Разве удивительно, что Джон Каупер Поуис не уставал превозносить евреев и негров? Без последних, как я часто говорил, Америка была бы тоскливым, безупречным музеем, до отказа набитым одинаковыми экземплярами с биркой «Белая раса». Без евреев филантропия закончилась бы, не успев начаться. Каждый художник, в Америке-то уж точно, должен быть бесконечно обязан своим еврейским друзьям. И не только потому, что они оказывают ему материальную поддержку. Подумайте, chers confreres [157], кто среди ваших друзей первым скажет ободряющее слово, прочтет ваше произведение, взглянет на ваши картины, представит их публике, купит (с выплатой по частям, в крайнем случае)? Купит, я говорю, а не увильнет с лживой отговоркой: «Если б я только мог позволить себе такую вещь!» Кто ссудит вам денег, чтобы вы могли продолжать работать, даже когда у него самого нет лишнего гроша? Кто еще, кроме еврея, скажет: «Я знаю, где занять для вас денег, не мучайтесь, предоставьте это мне!» Кто не забудет послать вам еду, одежду и прочее, самое насущное? Нет, художник — по крайней мере в Америке — не может не соприкасаться с евреем, не подружиться с ним, не подражать ему, не учиться у него мужеству, терпению, терпимости, упорству и живучести, которые у этих людей в крови, потому что быть художником — значит вести собачью жизнь, а для большинства евреев жизнь с этого и начинается. Другие тоже проходят через это, но, похоже, забывают, когда достигают какого-то положения, что им пришлось пережить. Еврей забывает редко. И как он может забыть, живя среди драмы, которая повторяется бесконечно?
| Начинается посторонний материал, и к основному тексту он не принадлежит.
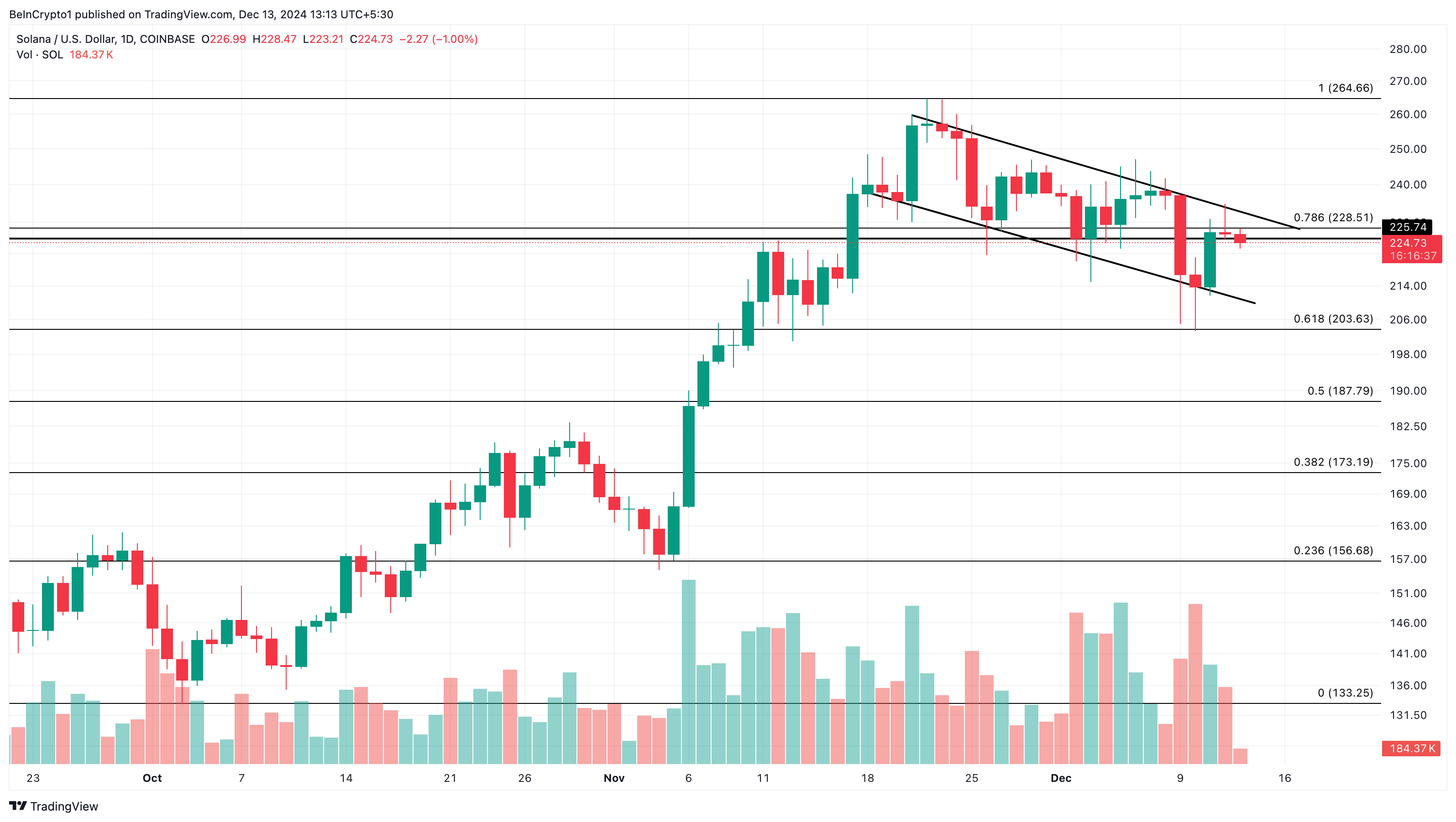 Na wykresie dziennym cena Solany przesuwa się w kanale zniżkującym od momentu osiągnięcia nowego rekordu wszech czasów 22 listopada. Co ważne, poniższy schemat pokazuje, że wartość altcoina spadła poniżej wsparcia na poziomie 225,74 USD.
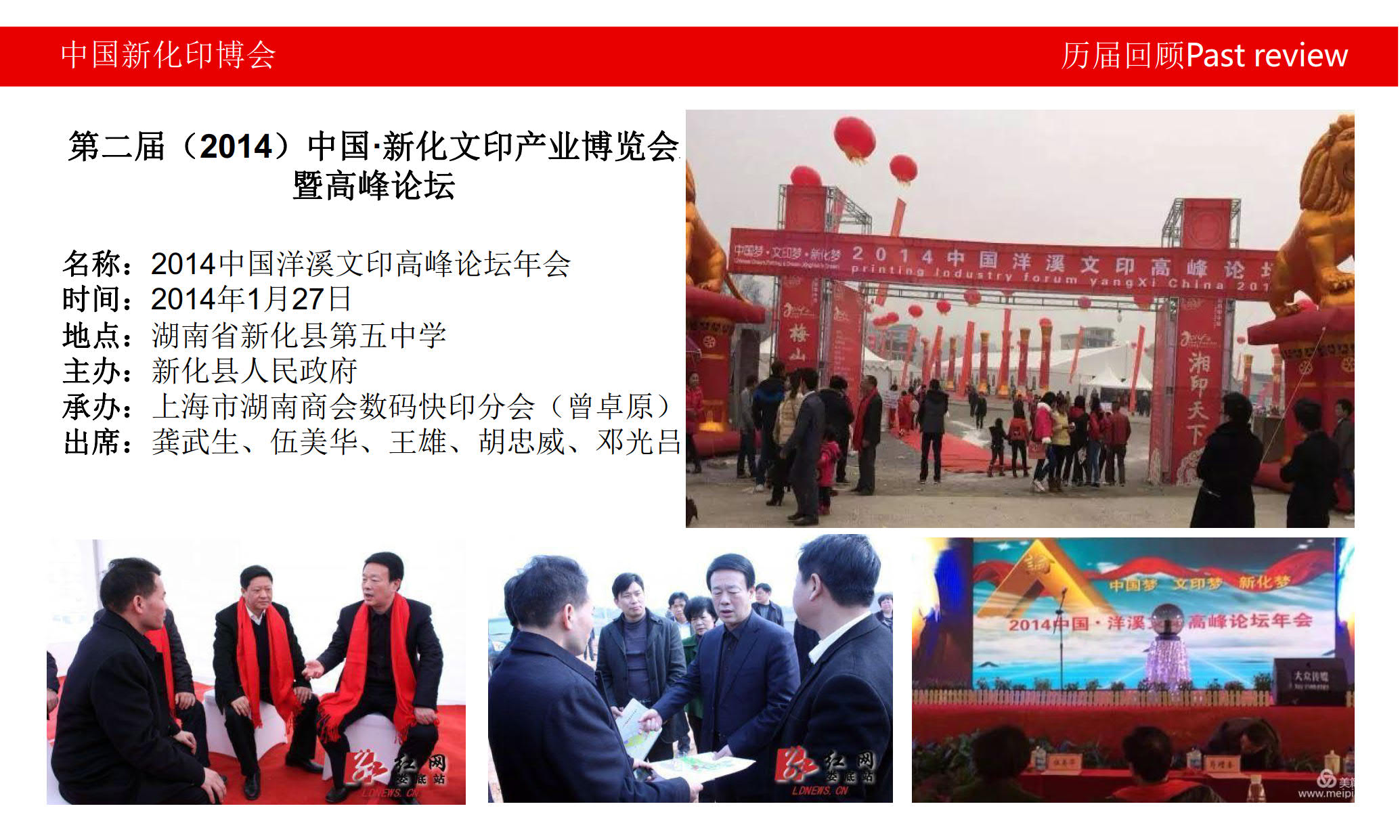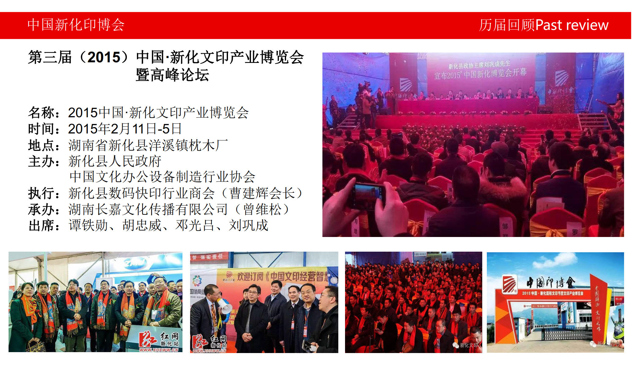 内容摘要: 展会名称:中国·新化文印产业博览会 展会届时:每年两届(夏季展、冬季展) 展会时间:夏季展2023年7月8日、冬季展2024年2月2日 展会地点:湖南省新化县高铁新城文印会展中心 展会……
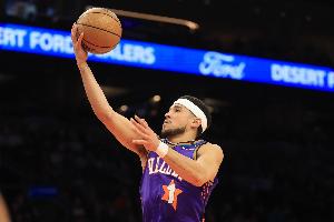 上半场,太阳球星布克表现不错,中距离很稳健,在18分钟的时间里,投篮9中5,三分球1中0,罚球5中5,拿到15分1篮板5助攻的数据。
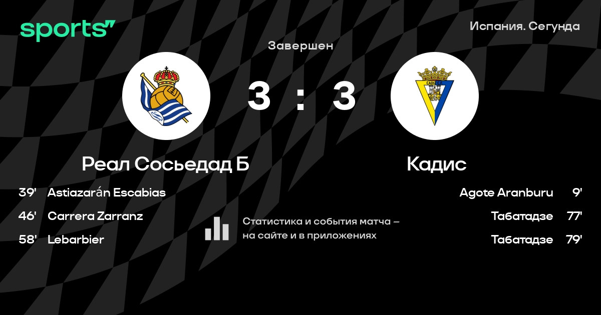 Фрага - Unax Agote Aranburu, Rodriguez Larrañaga, Бейтиа, Дадье - Mikel Rodríguez Ulacia, Alex Douma Johan Lebarbier, Марчаль, Gorka Gorosabel Añorga, Lander Astiazarán Escabias - Gorka Carrera ZarranzЗапасные: Арана, Фольгадо, Бальда Субири, Kita, Astigarraga Alkorta, Garro Larrarte, Eceizabarrena Rezola, Aguirre Basurco, Диас, Orobengoa Arbelaiz, Osazuwa Omoruyi, Ramírez Ramírez
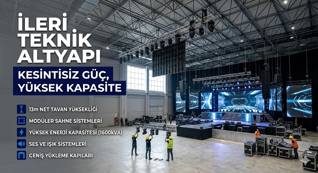 2.000 m² ana arena alanı, 13 metre tavan yüksekliği ve tesisle entegre 5 yıldızlı konaklama imkanıyla, global standartlarda bir etkinlik deneyimi sunuyoruz. Bugüne kadar yüzlerce ulusal ve uluslararası organizasyona ev sahipliği yapmış olmanın gururuyla hizmetinizdeyiz.

И вот я думаю о письмах, регулярно приходящих из Палестины от Лилика Шаца, сына Бориса, который стал моим зятем. Лилик несколько лет жил в Кренкел-Корнерсе — низине на полпути из Партингтон-Риджа в Андерсон-Крик. Как-то, еще живя в Беркли, он специально приехал в Биг-Сур, чтобы уговорить меня отпечатать с ним вместе мою книгу методом шелкографии [158], что мы и сделали, потратив уйму сил и средств [159]. С работы над этой книгой, «Ночью жизнь...», над ее концепцией, изготовлением и продажей (которая стабильно остается на нуле) и началась наша крепкая дружба. И только после его возвращения к себе домой в Иерусалим я познакомился с сестрой его жены, Эвой, и женился на ней. Не встреть я тогда Эвы, сегодня на мне можно было бы поставить крест.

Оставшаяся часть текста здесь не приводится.